Stockport County: Walking A Tightrope
Stockport County: Walking A Tightrope
By Ian on Jan 7, 2025 in Finance, Latest, Non-League | 0 comments
There comes a point in football at which even the most precipitous falls start to slow and reverse themselves, and there has been no other club in England in recent years that has spiralled in a downward direction as dramatically as Stockport County Football Club. Twleve years ago, the club was playing its football in the Championship, but one financial diasaster after another saw the club relegated from the Football League altogether eventually. The club's fall from grace, however, didn't end there, and at the end of last season the club suffered the further ignominy of relegation from the Conference National, and this season hadn't seen much of an improvement until recently, with the club going into its Christmas and New Year fixtures dangerously close to the relegation places in that division too.
What a difference the congested holiday period can make, though. On the Saturday before Christmas, Stockport ended a winless run that stretched back to the start of March by beating Oxford City at home, and they followed this up with a win against Bradford Park Avenue on Boxing Day. There followed a brief stutter in the form of a home draw against bottom of the table Workington, but last Saturday the team returned to winning ways with a five-one win at Gainsborough Trinity, and the club now sits in fifteenth place in the Conference North table. These may not necessarily be dizzying heights, but ten points over this fourteen day period has put a safety net – of sorts – of seven points between the club and the dotted line at the bottom of the table. Perhaps, just perhaps, 2025 might yet turn out to be a happier year for the club's supporters after all.

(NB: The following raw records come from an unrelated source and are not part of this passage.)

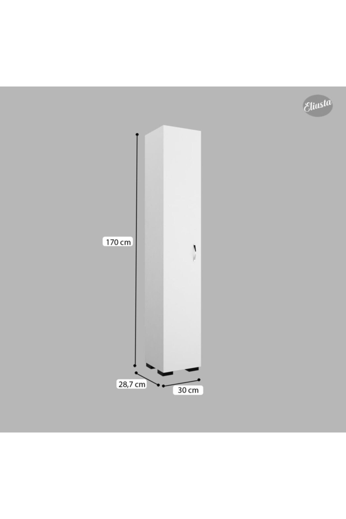 Çok amaçlı banyo dolabı 30 cm genişlik, 170 cm yükseklik ve 28,7 cm derinliği ve dikey yönde kullanımı sayesinde alandan tasarruf sunar. Tek kapaktan ve 5 bölmeden oluşan banyo dolabı ergonomik kullanıma uygun şekilde tasarlanır.; Kapaklı banyo dolabı geniş rafı sayesinde yalnızca banyoda değil salonda, mutfakta ya da benzeri alanlarda kullanmak mümkündür. Havlular, yemek takımları, fincan takımları ve kitaplara kadar çok sayıda eşyayı depolayabilecek kapasiteye sahiptir.; 5 raflı banyo dolabı kanserojen madde içermeyen ve antibakteriyel özellik gösteren malzemeler kullanılarak üretilir. Bunun yanı sıra yonga levha kenar bant kullanıldığı için dayanıklıdır.; Suntalam banyo dolabı 10 cm ayakları ile yerden yüksek olup zeminin temizliğini de kolay hale getirir. ; Dolap demonte olarak gönderilir ve kolay kullanım kılavuzu sayesinde kısa süre içerisinde kullanıma hazır hale gelir.; Beyaz olduğu için toz ve kirlenmesi durumunda nemli bir bez yardımıyla kısa süre içerisinde temizlemek mümkündür. Kimyasal içerikli temizlik malzemelerinin kullanılmaması halinde çok uzun ömürlü bir saklama alanı olur.;
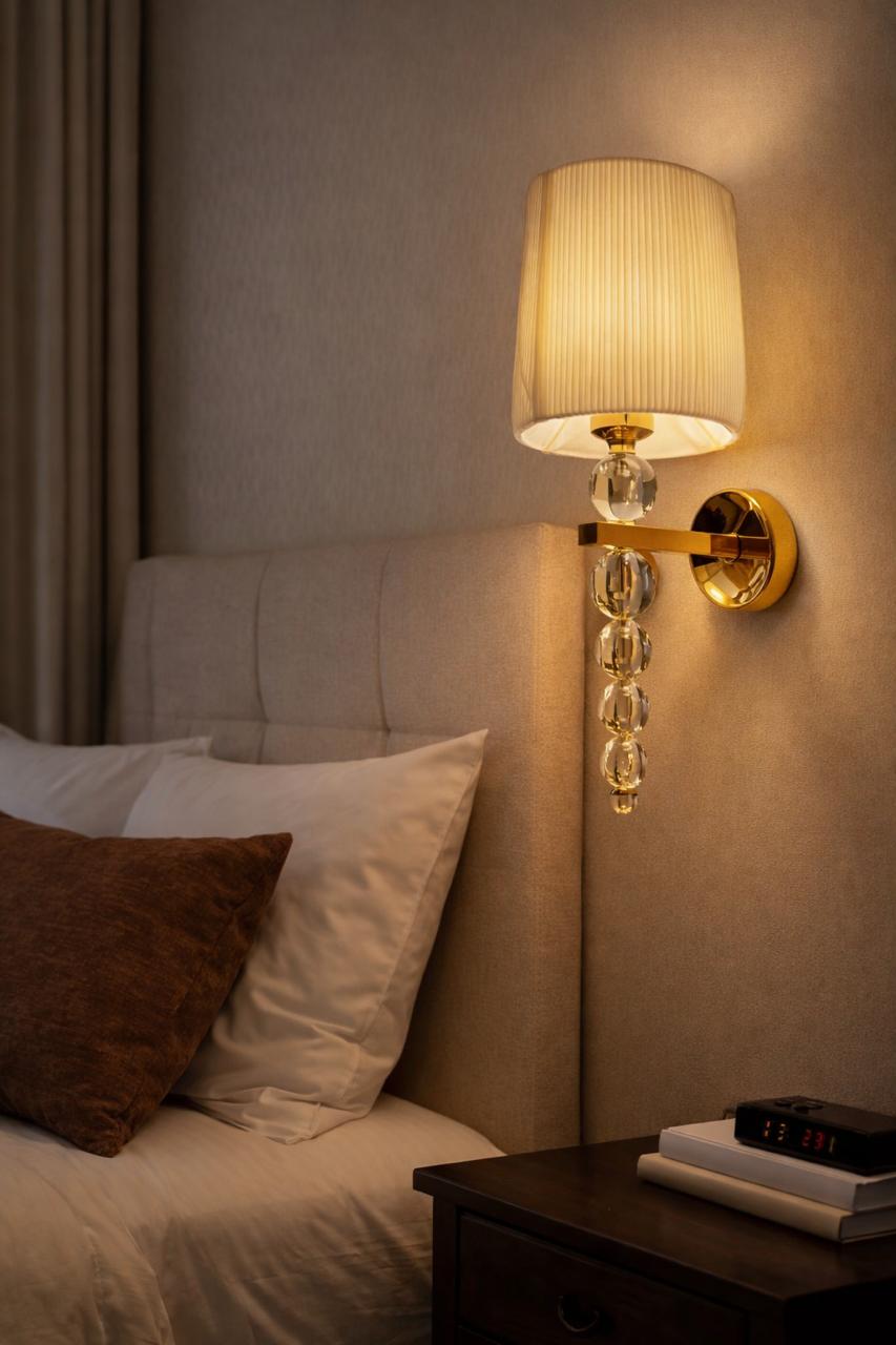 Vertical wall sconce with clear spherical elements and a cream-colored shade, offering a light, refined aesthetic with gentle illumination.
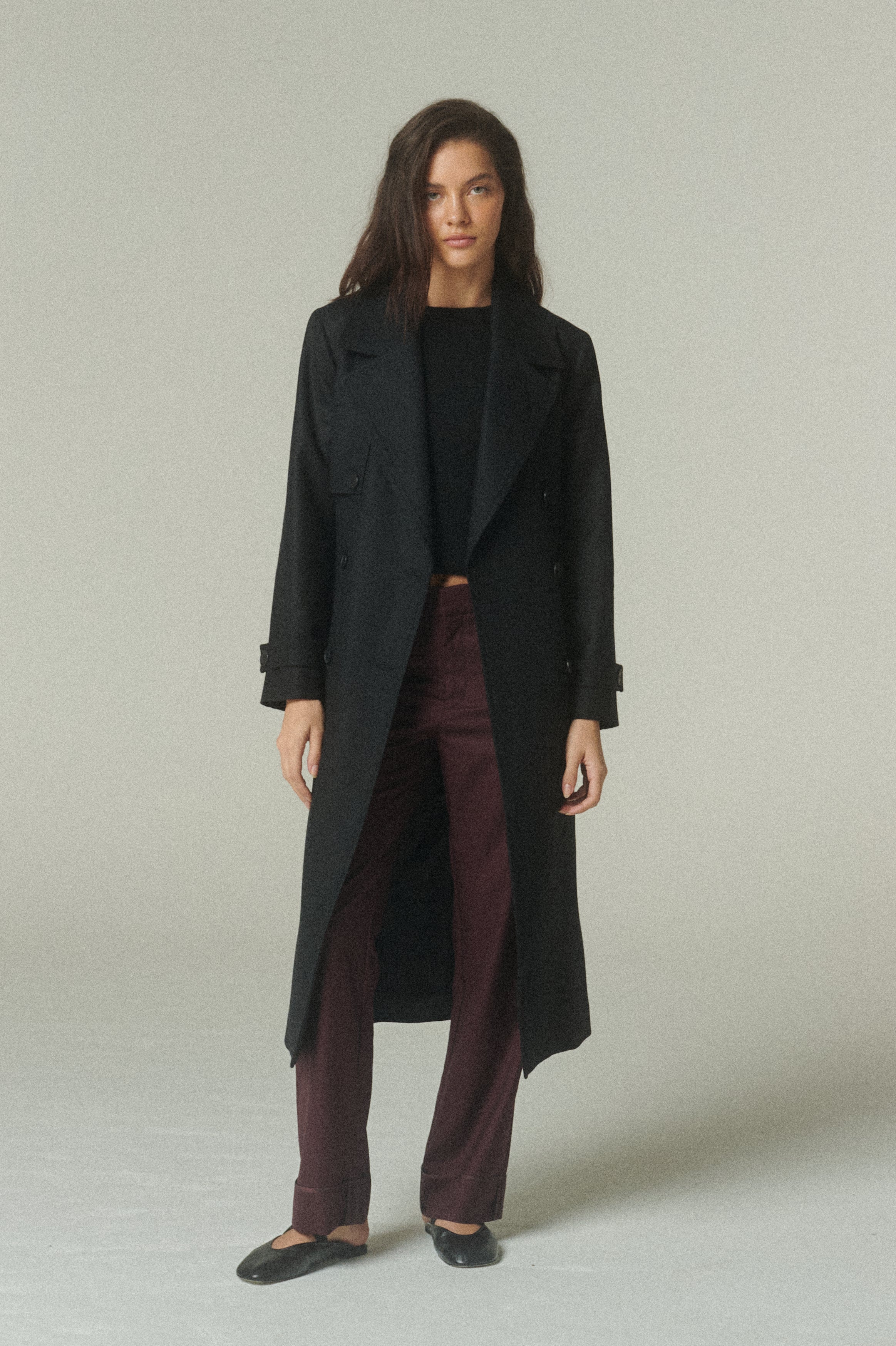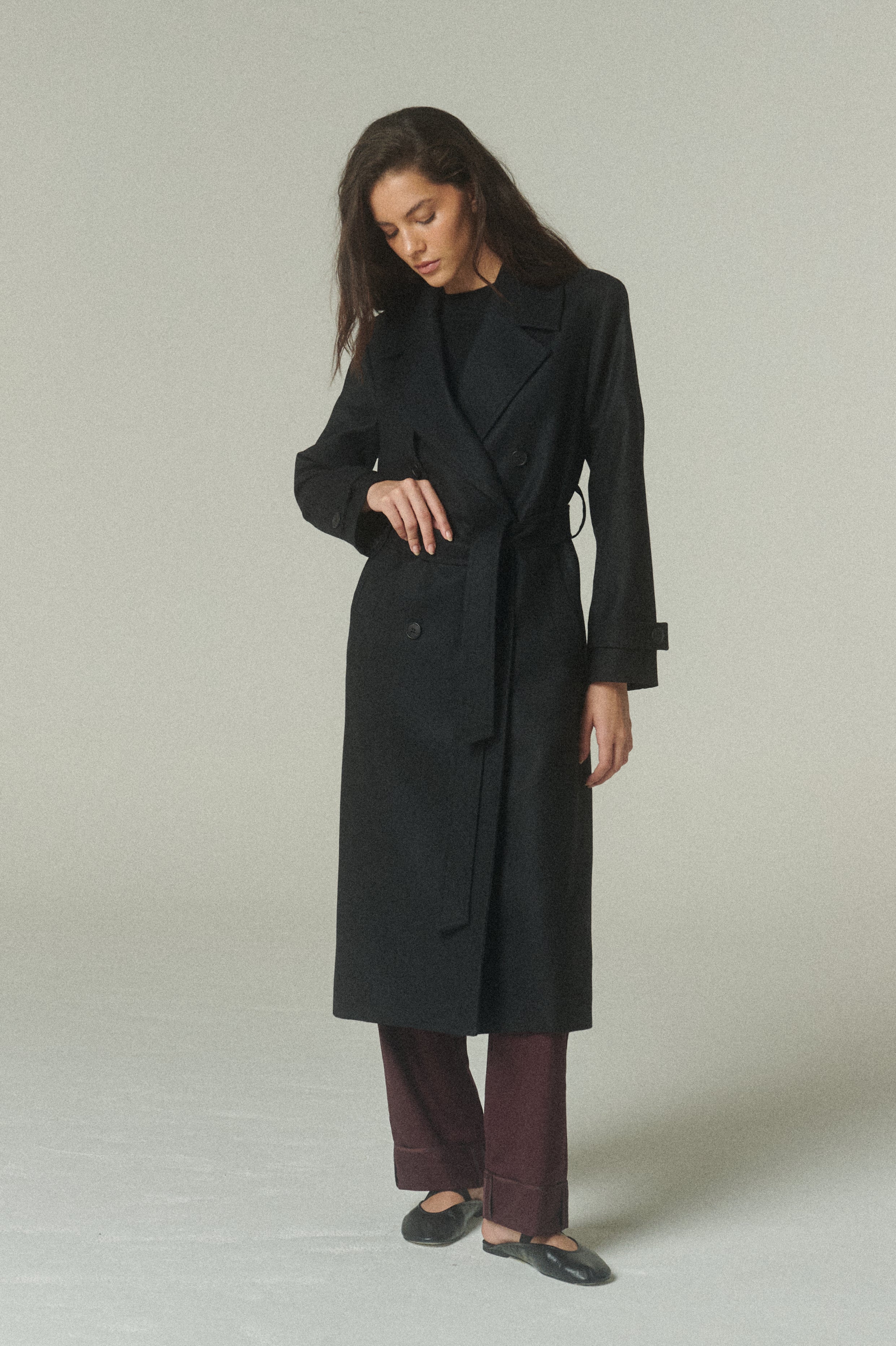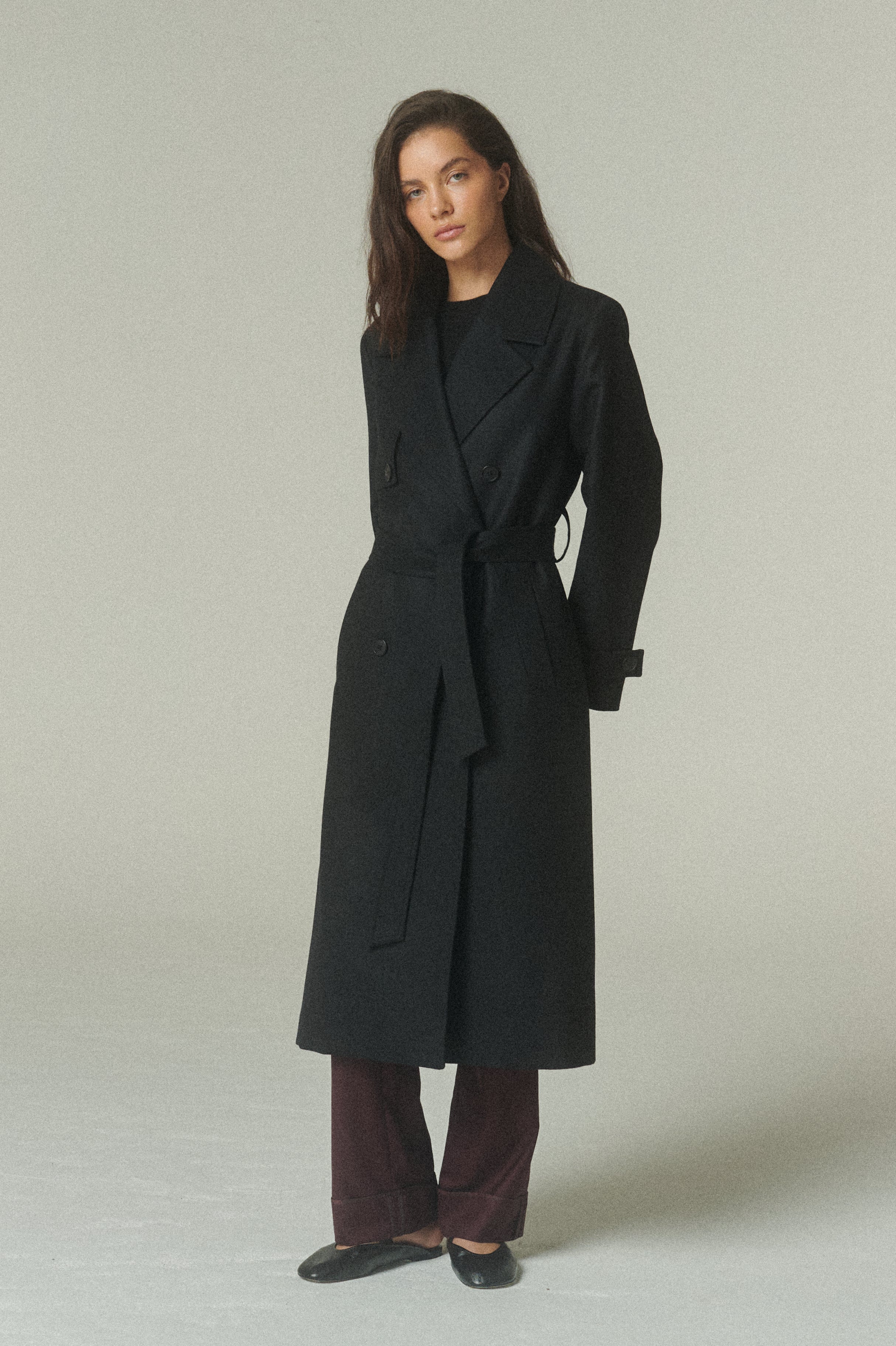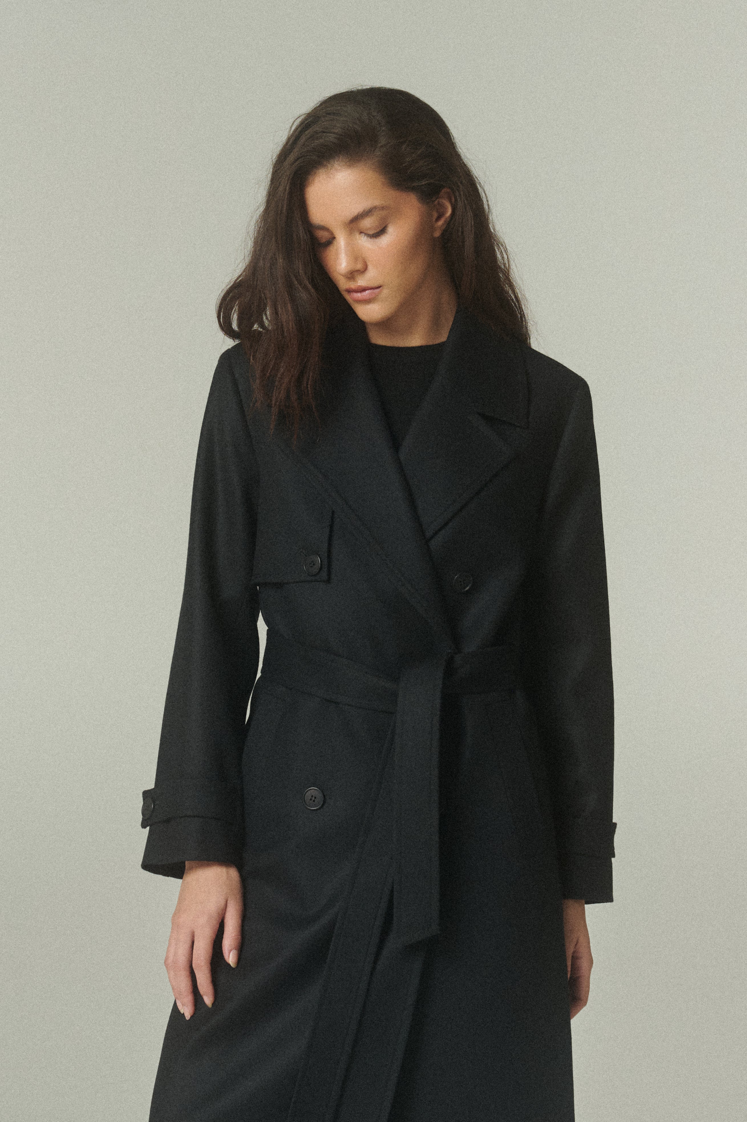 Nuestro Trench es la combinación perfecta entre abrigo, comodidad y estilo. Confeccionado en 100% lana negro de alta calidad, que destaca por su textura suave y su caída elegante, siendo el resultado de un diseño lento y ético.
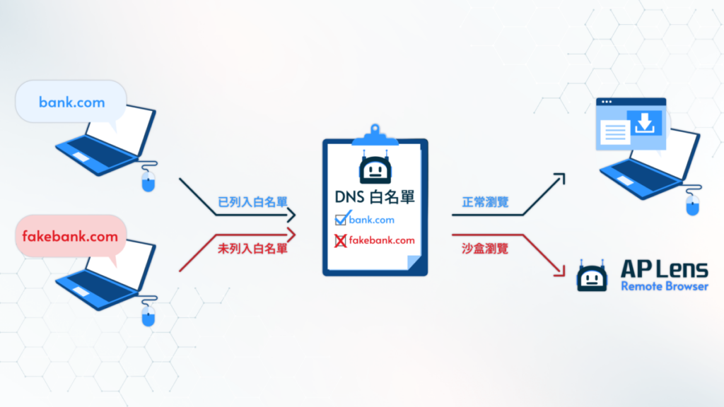 在與客戶的對話之中,Antony發現最主要的原因在於員工無法分辦網站或電郵的真偽。「一般大企業都會每三個月或半年對員工進行培訓,但由於駭客所採用的行騙技當日新月異,換言之公司的培訓要持續更新,可說是一個無止境的工作,但這對中小企業來說成本相當高,因此令我們決定 開發DNS白名單。而即使網站不在白名單上,客戶亦能使用我們的虛擬瀏覽器,只需短短5-10秒便能訪問該網站但仍然有保障。」AP Lens雲端遠程瀏覽器不但節省了企業進行持續培訓的成本及時間,同時亦能防止病毒經由網站傳播至公司電腦當中,大大提高網絡安全性,同時減低造成金錢損失的機會。
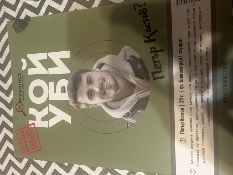 The image depicts a printed game box or booklet for a murder mystery game, presented on a light grey and white chevron-patterned surface. The item's primary color is olive green. Dominant white Cyrillic text across the upper half reads "КОЙ УБИ" (Who Killed), above which is a red "EXTRA HARD" stamp and a magnifying glass logo for "КРИМИНИСТ" (Kriminist). A faint fingerprint graphic is visible in the top right corner. The central feature is a circular photograph of a smiling young adult male with short brown hair and light stubble, wearing a grey hooded jacket over a dark outer layer. Below his image, in a handwritten-style font, is "Петър Костов?" (Petar Kostov?). A horizontal grey band at the bottom contains text identifying the individual: "Петър Костов | 24 г. | гр. Благоевград | студент" (Petar Kostov | 24 y.o. | city Blagoevgrad | student). Accompanying Bulgarian text describes a plot where the student disappears after a night out, leading to suspicion among his friends and a web of deceit. The website "www.kriminist.com" is visible at the very bottom. The environment is an indoor setting, illuminated by ambient light. The individual "Петър Костов" is identified as being from Blagoevgrad, Bulgaria; no information regarding Vratsa, Bulgaria, is present in the image.

As Stockport's slump continued unabated over the last couple of years, chaos reigned behind the scenes at the club. The appointment of Dietmar Hammann as manager in the summer of 2025 came with an investor, a Liverpool-based businesssman called Tony Evans, who immediately set alarm bells ringing when the news became public that an insurance firm that he owned had collapsed earlier that year with debts of £1.2m, but within a few weeks Evans was gone, after incumbent chairman Lord Snape raised concerns relating to a sum of £200,000 which Evans felt existing shareholders should contribute towards the running of the club, as well as over the make-up of the consortium that would take over the running of the club. Within a couple of months, Hammann had gone as well, and Stockport finished that season, its first in the Conference National, in sixteenth place in the table.